3.2.1. Example 1: One Device per Process or Thread
ncclAllReduce(sendbuff, recvbuff, count, datatype, op, comm, stream);
cudaStreamSynchronize(stream);
For a complete working example with MPI and single device per MPI process, see Example 2: One Device per Process or Thread.
3.2.2. Example 2: Multiple Devices per Thread
ncclGroupStart(); for (int i=0; i<ngpus; i++) ncclAllReduce(sendbuffs[i], recvbuff[i], count, datatype, op, comms[i], streams[i]); ncclGroupEnd();
for (int i=0; i<ngpus; i++) cudaStreamSynchronize(streams[i]);
For a complete working example with MPI and multiple devices per MPI process, see Example 3: Multiple Devices per Thread.
4. NCCL and MPI
4.1. API
- Using multiple devices per process
- Similarly to the concept of MPI endpoints, NCCL does not require ranks to be mapped 1:1 to MPI ranks. A NCCL communicator may have many ranks associated to a single process (hence MPI rank if used with MPI).
- ReduceScatter operation
- The ncclReduceScatter operation is similar to the MPI_Reduce_scatter_block operation, not the MPI_Reduce_scatter operation. The MPI_Reduce_scatter function is intrinsically a "vector" function, while MPI_Reduce_scatter_block (defined later to fill the missing semantics) provides regular counts similarly to the mirror function MPI_Allgather. This is an oddity of MPI which has not been fixed for legitimate retro-compatibility reasons and that NCCL does not follow.
- Send and Receive counts
- In many collective operations, MPI allows for different send and receive
counts and types, as long as sendcount*sizeof(sendtype) ==
recvcount*sizeof(recvtype). NCCL does not allow that,
defining a single count and a single data-type.
For AllGather and ReduceScatter operations, the count is equal to the per-rank size, which is the smallest size; the other count being equal to nranks*count. The function prototype clearly shows which count is provided, for example:
- sendcount for ncclAllgather
- recvcount for ncclReduceScatter
Note: When performing or comparing AllReduce operations using a combination of ReduceScatter and AllGather , define the sendcount and recvcount as the total count divided by the number of ranks, with the correct count rounding-up, if it is not a perfect multiple of the number of ranks. - In-place operations
- For more information, see In-place Operations.
4.2. Using NCCL within an MPI Program
NCCL can be easily used in conjunction with MPI. NCCL collectives are similar to MPI collectives, therefore, creating a NCCL communicator out of an MPI communicator is straightforward.

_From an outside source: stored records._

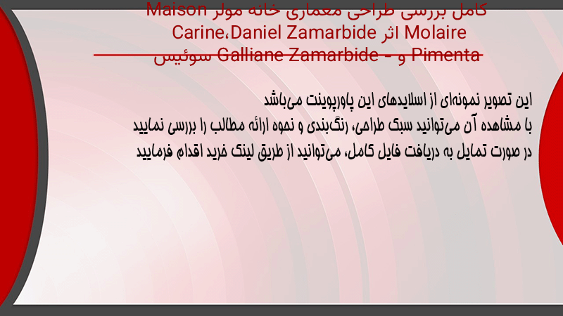 پاورپوینت کامل بررسی طراحی معماری خانه مولر Maison Molaire اثر Daniel Zamarbide، Carine Pimenta و Galliane Zamarbide – سوئیس
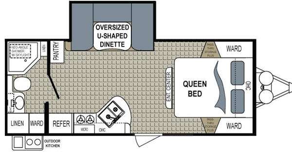 Dutchmen Kodiak Single Slide Travel Trailer w/Rear Full Bath Including: Neo-Angle Shower, Linen Cabinets, Toilet & Sink w/Overhead, Wardrobe, Pantry, Refrigerator, Stove w/Microwave Above, Dbl. Kitchen Sink w/Overhead Cabinets, Oversized U-Dinette Slide, Ent. Center, Main Room Skylight, Front Queen Bed w/Wardrobes Both Sides of Bed & Overhead Cabinet, Pass-Thru Storage Plus, Rear Outdoor Kitchen & Much More!
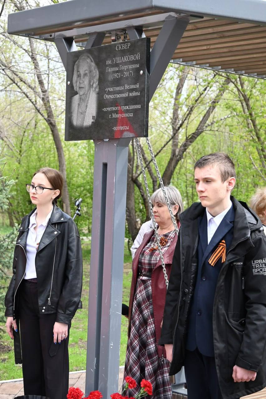 Галина Георгиевна Ушакова - выдающаяся жительница посёлка, поэтесса, ветеран Великой Отечественной войны и Почётный гражданин Минусинска. Открытие сквера её имени стало замечательным подарком зеленоборцам к 80-летию Победы.
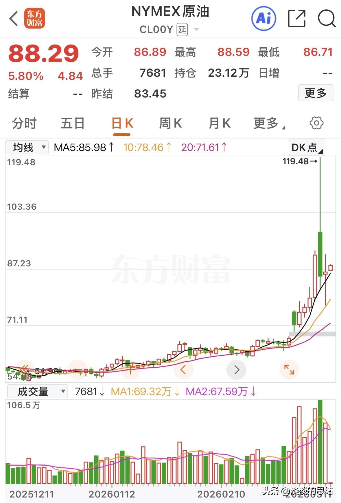 刚刚原油开盘又大涨超6%,近期因为原油大涨大跌,不少参与油气股的股民亏损惨重,本以为会大涨的时候却大跌了,进去就套牢。 原油在持续大幅上涨四天后,出现了剧烈波动,前天从盘中大涨超30%到收盘大跌近9%,全天振幅39个点,创原油期货成立以来最大单日波动。 昨天原油继续跳空大跌,盘中没有像样的拉升,深夜一度跳水大跌17%,后虽然拉回一些,但收盘也大跌8.84%。 今天原油跳空高开4.16%,开盘后没有下探,盘中继续拉升,此时已经上涨超6%。原油涨对很多行业都会形成利空。 但对于利好的板块也会出现不一样的走势,高开低走,或拉高套人,就开始原油大涨的时候相关板块同步大涨过,接下来都是套人的走势。 如果不信邪进去就被套,昨天A股跌幅最多的就是油气开采和石油加工以及天然气板块,这些板块已经走坏了,现在即使原油继续大涨,进去也可能是被套的现状。 所以此时原油大涨,投资者不要激动,不然会误判走势。
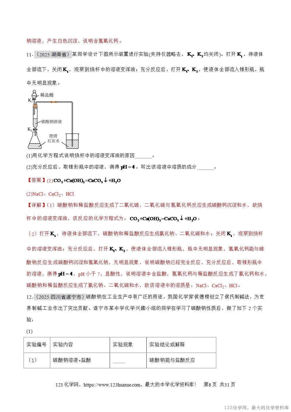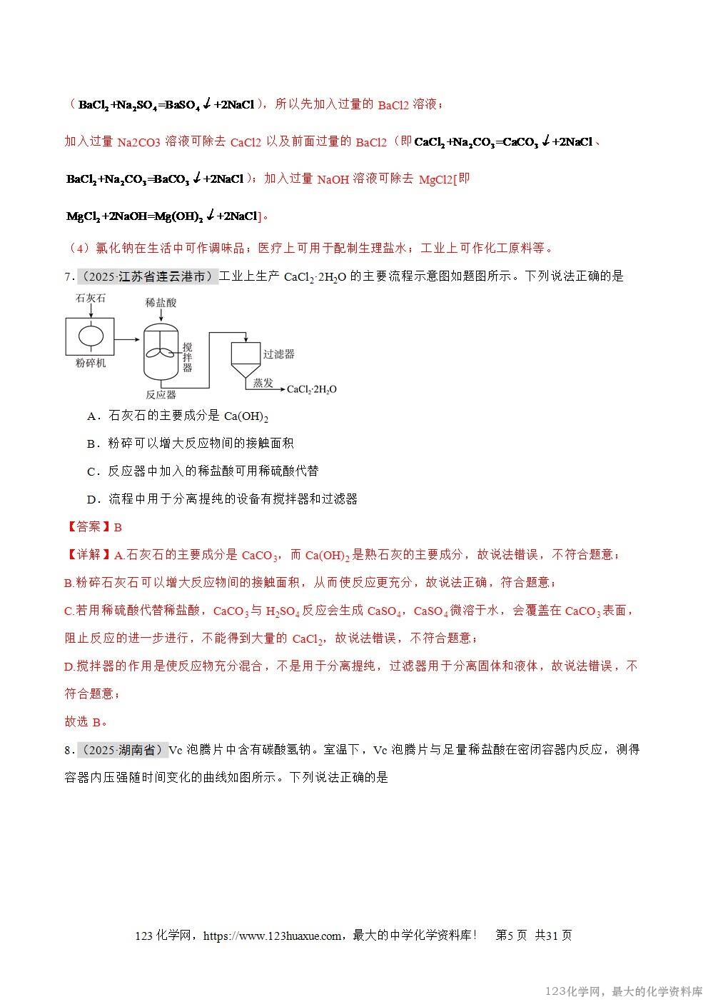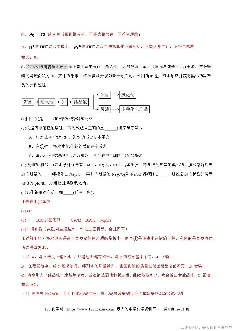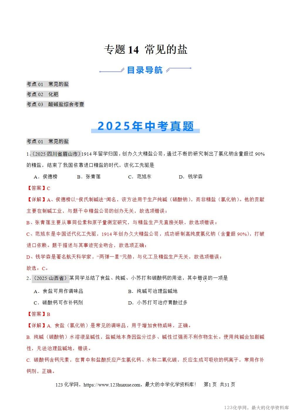 1.(2025·四川省眉山市)1914年留学归国,创办久大精盐公司,通过不断的研究制出了氯化钠含量超过90%的精盐,结束了我国依靠进口精盐的时代,该化工先驱是
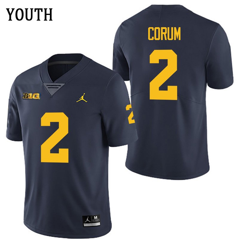 Michigan Wolverines 2 Blake Corum Navy Stitched Youth Jersey
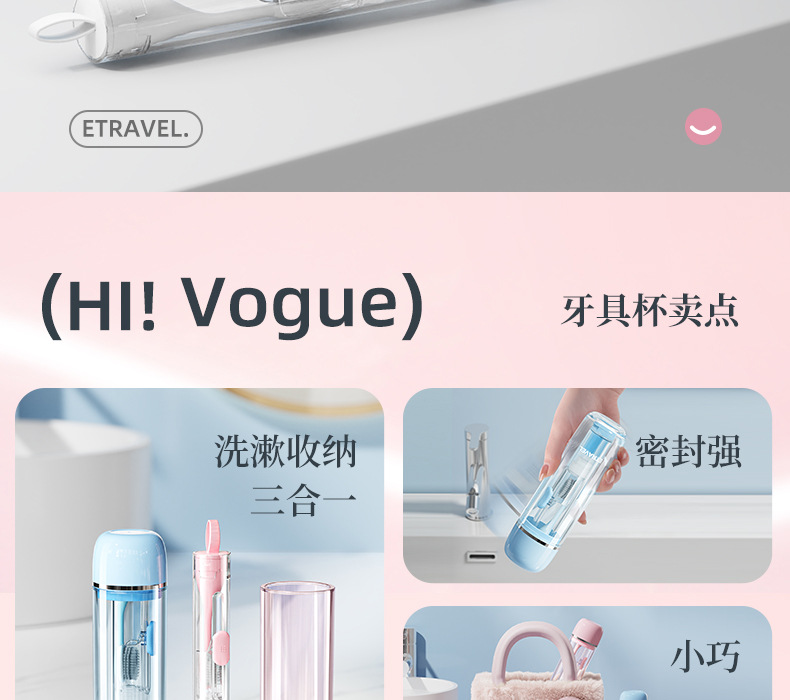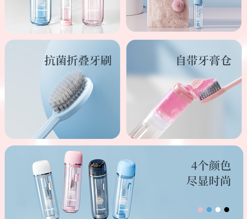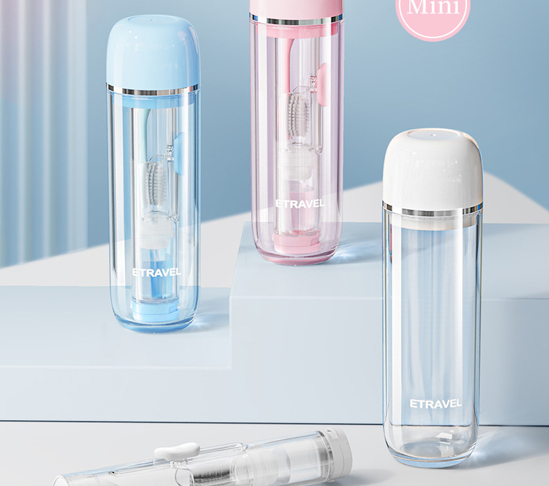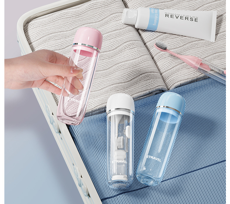 Mini taza de viaje de moda, cepillo de dientes portátil, kit de lavado, caja de almacenamiento de artículos de tocador de viaje, taza de enjuague bucal multifuncional
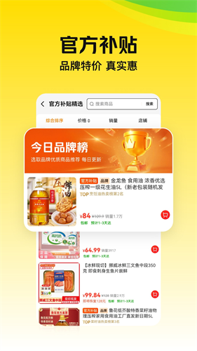 7、精选品牌商品提供官方补贴,以更低价格呈现,如食用油、三文鱼等热门商品均有补贴优惠。

It is therefore easy to use MPI for CPU-to-CPU communication and NCCL for GPU-to-GPU communication.
However, some implementation details in MPI can lead to issues when using NCCL inside an MPI program.
4.2.1. MPI Progress
MPI defines a notion of progress which means that MPI operations need the program to call MPI functions (potentially multiple times) to make progress and eventually complete.
In some implementations, progress on one rank may need MPI to be called on another rank. While this is usually bad for performance, it can be argued that this is a valid MPI implementation.
As a result, blocking in a NCCL collective operations, for example calling cudaStreamSynchronize, may create a deadlock in some cases because not calling MPI will not make other ranks progress, hence reach the NCCL call, hence unblock the NCCL operation.
cudaError_t err = cudaErrorNotReady; int flag; while (err == cudaErrorNotReady) { err = cudaStreamQuery(args->streams[i]); MPI_Iprobe(MPI_ANY_SOURCE, MPI_ANY_TAG, MPI_COMM_WORLD, &flag, MPI_STATUS_IGNORE); }
4.2.2. Inter-GPU Communication with CUDA-aware MPI
Using NCCL to perform inter-GPU communication concurrently with CUDA-aware MPI may create deadlocks.
NCCL creates inter-device dependencies, meaning that after it has been launched, a NCCL kernel will wait (and potentially block the CUDA device) until all ranks in the communicator launch their NCCL kernel. CUDA-aware MPI may also create such dependencies between devices depending on the MPI implementation.
Using both MPI and NCCL to perform transfers between the same sets of CUDA devices concurrently is therefore not guaranteed to be safe.
5. Troubleshooting
Ensure you are familiar with the following known issues and useful debugging strategies.
5.1. Known Issues
Ensure you are familiar with the following known issues:
Sharing Data
--shm-size=1g --ulimit memlock=-1in the command line to
nvidia-docker run
Concurrency between NCCL and CUDA calls
NCCL uses CUDA kernels to perform inter-GPU communication. The NCCL kernels synchronize with each other, therefore, each kernel requires other kernels on other GPUs to be also executed in order to complete. The application should therefore make sure that nothing prevents the NCCL kernels from being executed concurrently on the different devices of a NCCL communicator.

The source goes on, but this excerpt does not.